The second possible 4-bit implementation is the so-called NormalFloat (NF4) data type. NF4 values ​​are optimized for preserving normally distributed variables. This is difficult to do with other data types, but all possible NF4 values ​​can be easily printed in a list:

 [-1.0, -0.6961928009986877, -0.5250730514526367, -0.39491748809814453, 
  -0.28444138169288635, -0.18477343022823334, -0.09105003625154495, 0.0,
   0.07958029955625534, 0.16093020141124725, 0.24611230194568634, 0.33791524171829224, 
   0.44070982933044434, 0.5626170039176941, 0.7229568362236023, 1.0]

Both FP4 and NF4 types have corresponding implementations in the bitsandbytes library. As an example, let's convert the [1.0,2.0,3.0,4.0] array to FP4:

 from bitsandbytes import functional as bf
 
 
 def print_uint(val: int, n_digits=8) -> str:
     """ Convert 42 => '00101010' """
     return format(val, 'b').zfill(n_digits)
 
 
 device = torch.device("cuda")
 x = torch.tensor([1.0, 2.0, 3.0, 4.0], device=device)
 x_4bit, qstate = bf.quantize_fp4(x, blocksize=64)
 
 print(x_4bit)
 # > tensor([[117], [35]], dtype=torch.uint8)
 
 print_uint(x_4bit[0].item())
 # > 01110101
 print_uint(x_4bit[1].item())
 # > 00100011
 
 print(qstate)
 # > (tensor([4.]), 
 # >  'fp4', 
 # >  tensor([ 0.0000,  0.0052,  0.6667,  1.0000,  0.3333,  0.5000,  0.1667,  0.2500,
 # >           0.0000, -0.0052, -0.6667, -1.0000, -0.3333, -0.5000, -0.1667, -0.2500])])

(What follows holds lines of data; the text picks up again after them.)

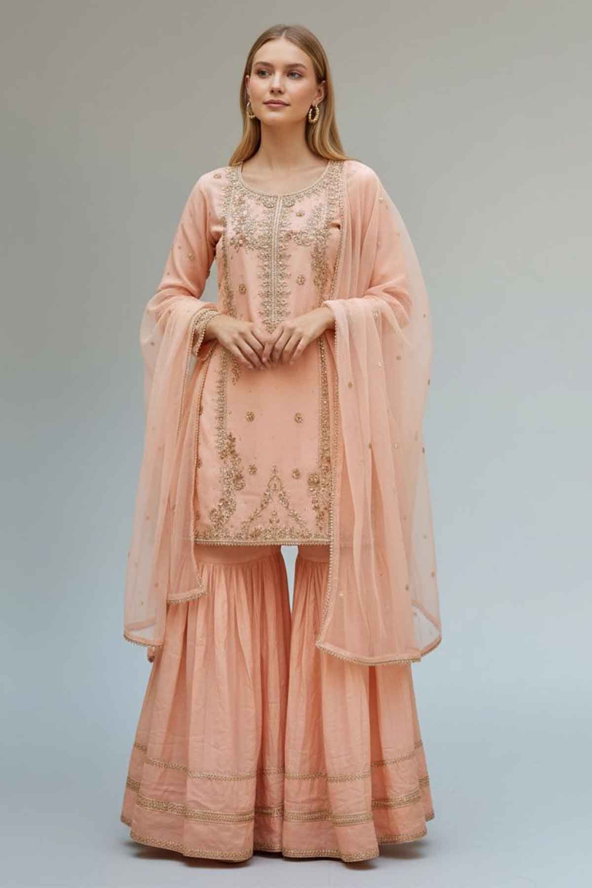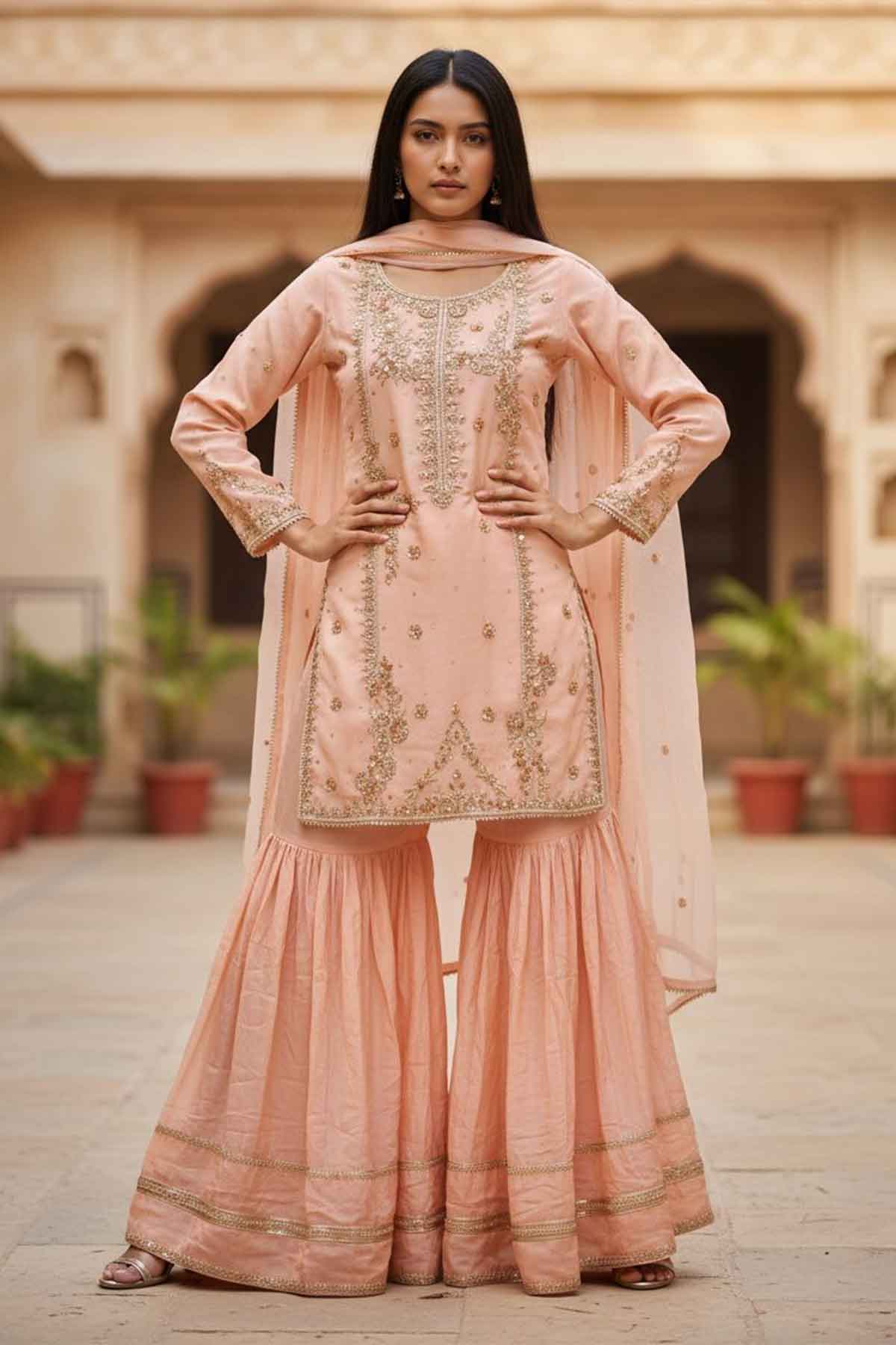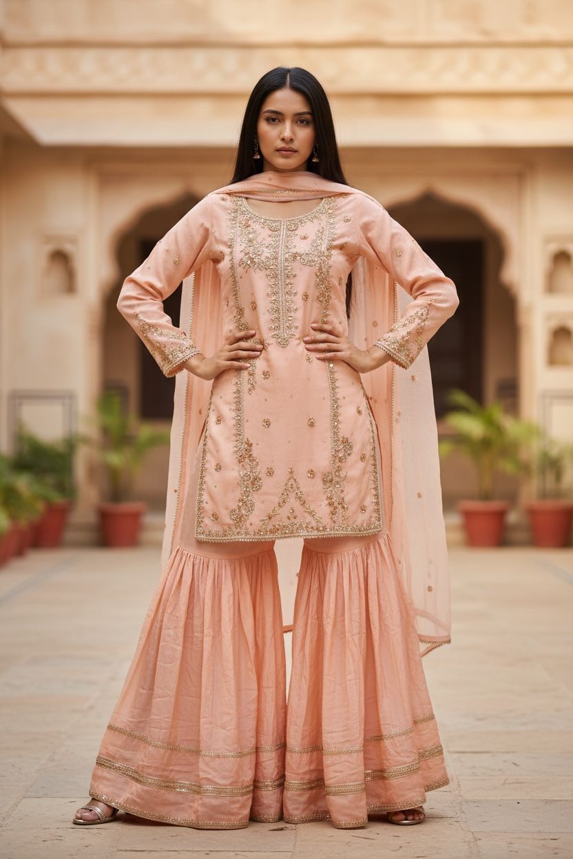Elevate your wedding day with this stunning handmade shirt crafted from luxurious shehsa silk. Featuring intricate dabka and kora/zari embroidery work on the front, this piece showcases traditional artistry at its finest. Paired with a flowing plain chiffon dupatta and comfortable grip garara, this ready-to-wear ensemble brings timeless elegance to your celebration. Perfect for brides seeking authentic craftsmanship blended with modern comfort, this wedding collection piece promises to make you feel absolutely radiant.
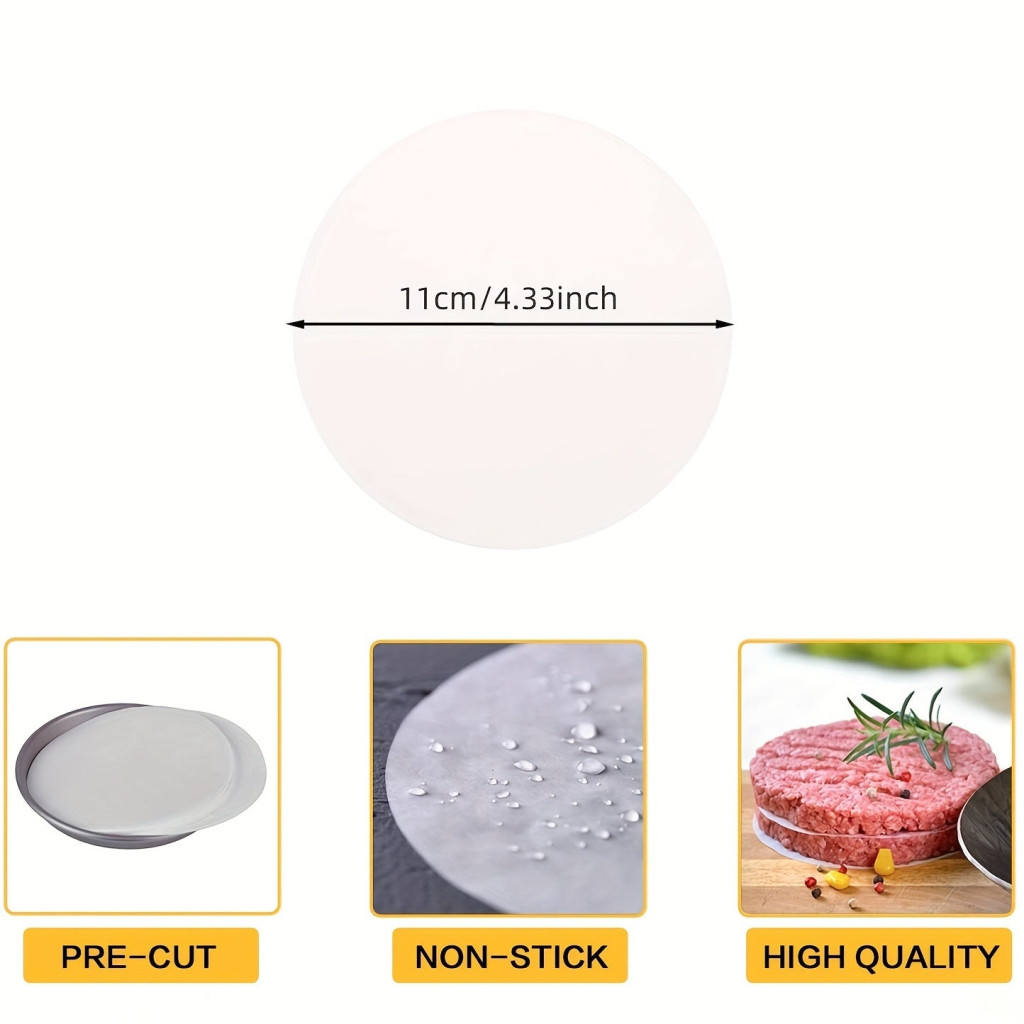 (Kruhový design) Tyto pečicí papíry dokonale pasují k hamburgerovým plackám, což zajišťuje rovnoměrné pečení a snadnou manipulaci.
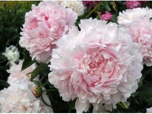 Махровый розовидный. Цветок крупный, но изящный, диаметром 20-25 см, нежно-розовый, пушистый. Аромат средний. Высота 80 см. Стебли сильные с умеренным ветвлением. Листья полуглянцевые, от средне- до светло-зелёных. Среднего срока цветения. Пригоден для срезки.
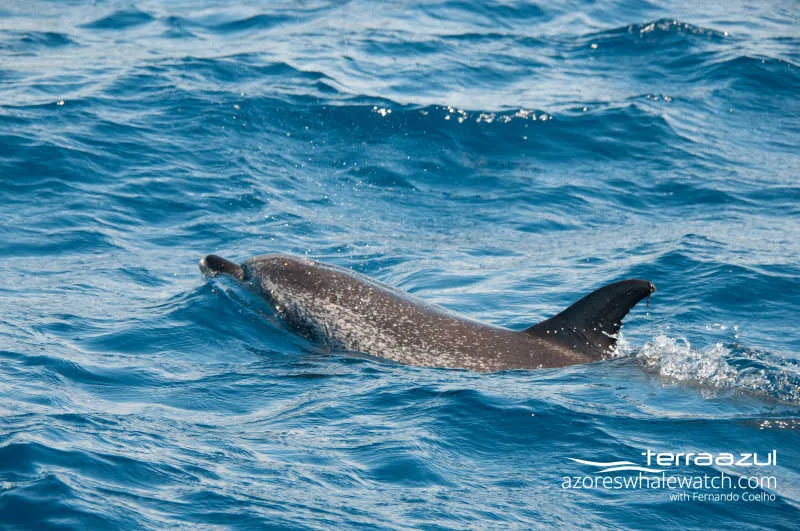 Afterwards, in front of Vila Franca do Campo we sighted a big group of about 40 Common dolphins, quite relaxed around of the boat. And the ocean was much calmer!! 😀
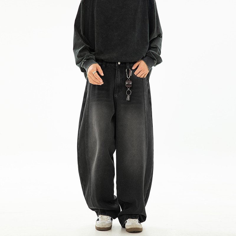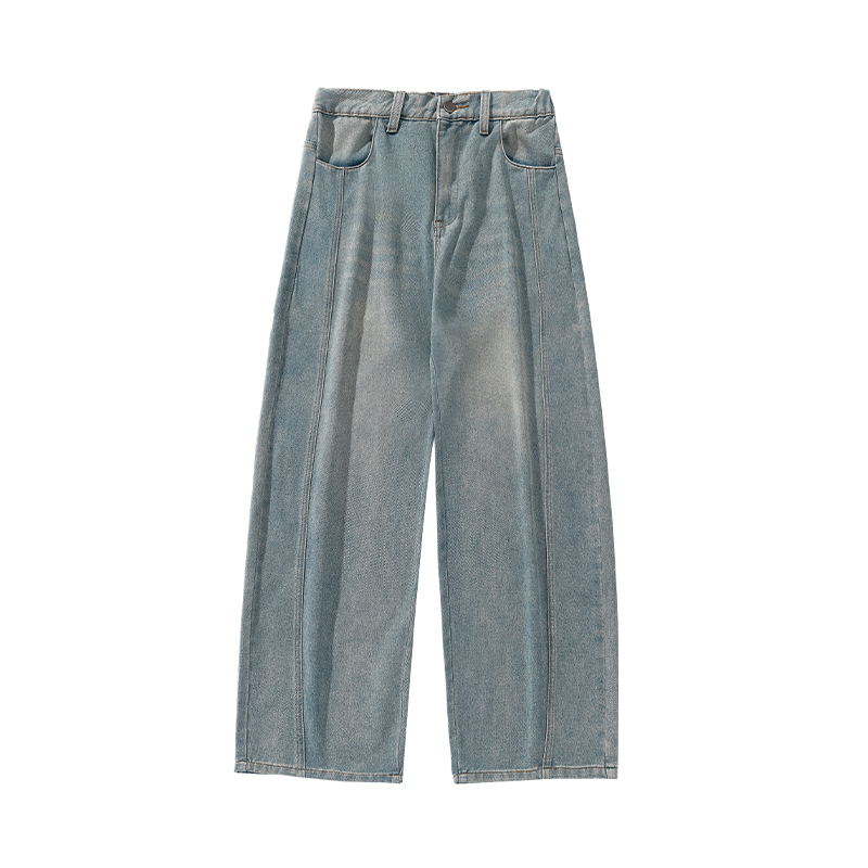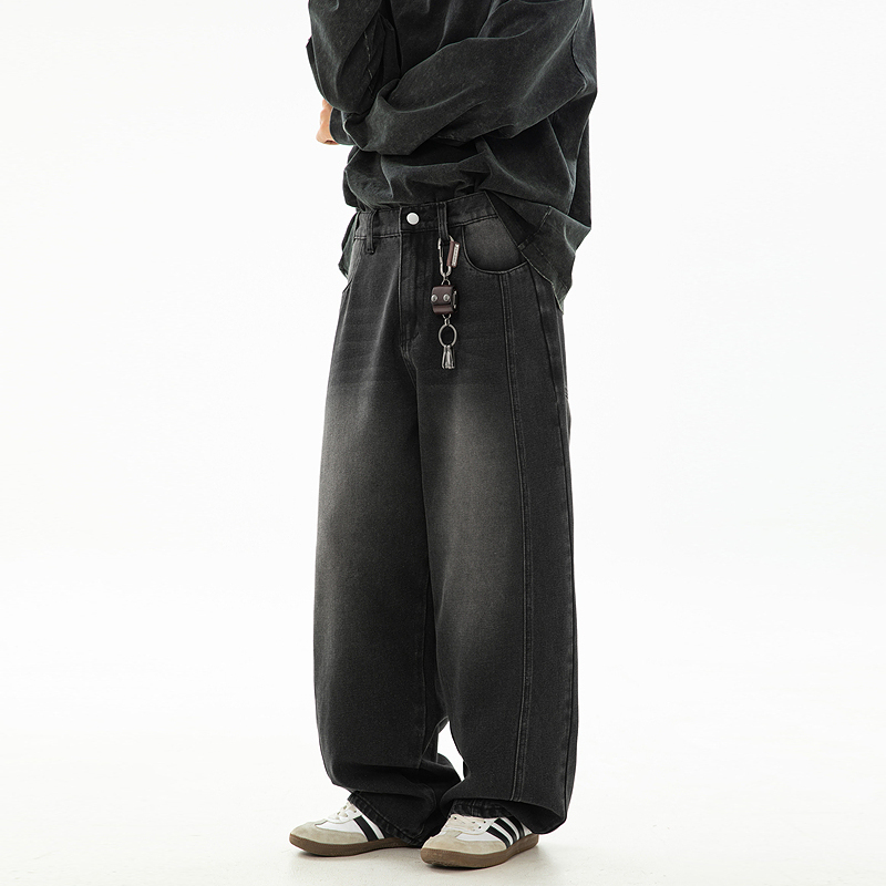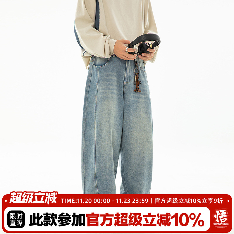 悟空有货潮牌美式阔腿直筒牛仔裤男复古宽松潮流百搭水洗做旧长裤

As output, we get two objects: a 16-bit array [117,35], which actually contains our 4 numbers, and a "state" object, which contains a scaling factor of 4.0 and a tensor of all 16 FP4 numbers.

For example, the first 4-digit number is "0111" (=7), and in the status object we can see that the corresponding floating point value is 0.25; 0.25 4 = 1.0. The second number is "0101" (=5), and the result is 0.5 4 = 2.0. For the third number, "0010" is 2,0.666*4 = 2.666, which is close to but not equal to 3.0. There is obviously some loss of precision for 4-bit values. For the last value, "0011" is 3,1000 *4 = 4.0.

Reverse conversion does not require manual operation. bitsandbytes can do it automatically for us.

 x = bf.dequantize_fp4(x_4bit, qstate)
 print(x)
 
 # > tensor([1.000, 2.000, 2.666, 4.000])

The 4-bit format also has a limited dynamic range. For example, the array [1.0,2.0,3.0,64.0] will be converted to [0.333,0.333,0.333,64.0]. But for normalized data, it is still acceptable. As an example, let's draw a sine wave in FP4 format:

 import matplotlib.pyplot as plt
 import numpy as np
 from bitsandbytes import functional as bf
 
 
 length = np.pi * 4
 resolution = 256
 xvals = np.arange(0, length, length / resolution)
 wave = np.sin(xvals)
 
 x_4bit, qstate = bf.quantize_fp4(torch.tensor(wave, dtype=torch.float32, device=device), blocksize=64)
 dq = bf.dequantize_fp4(x_4bit, qstate)
 
 plt.rcParams["figure.figsize"] = (14, 5)
 plt.title('FP8 Sine Wave')
 plt.plot(xvals, wave)
 plt.plot(xvals, dq.cpu().numpy())
 plt.show()

You can see the loss of accuracy:

As a special note, at the time of writing this article, the 4-bit type NF4 is only available in CUDA; CPU computing is not currently supported.

test

As the final step in this article, we create a neural network model and test it. Using the transformers library, you can load the pretrained model in 4-bit by setting the load_in_4-bit parameter to True. But that doesn't allow us to understand how it works. So we will create a small neural network, train it and use it with 4 digits of precision.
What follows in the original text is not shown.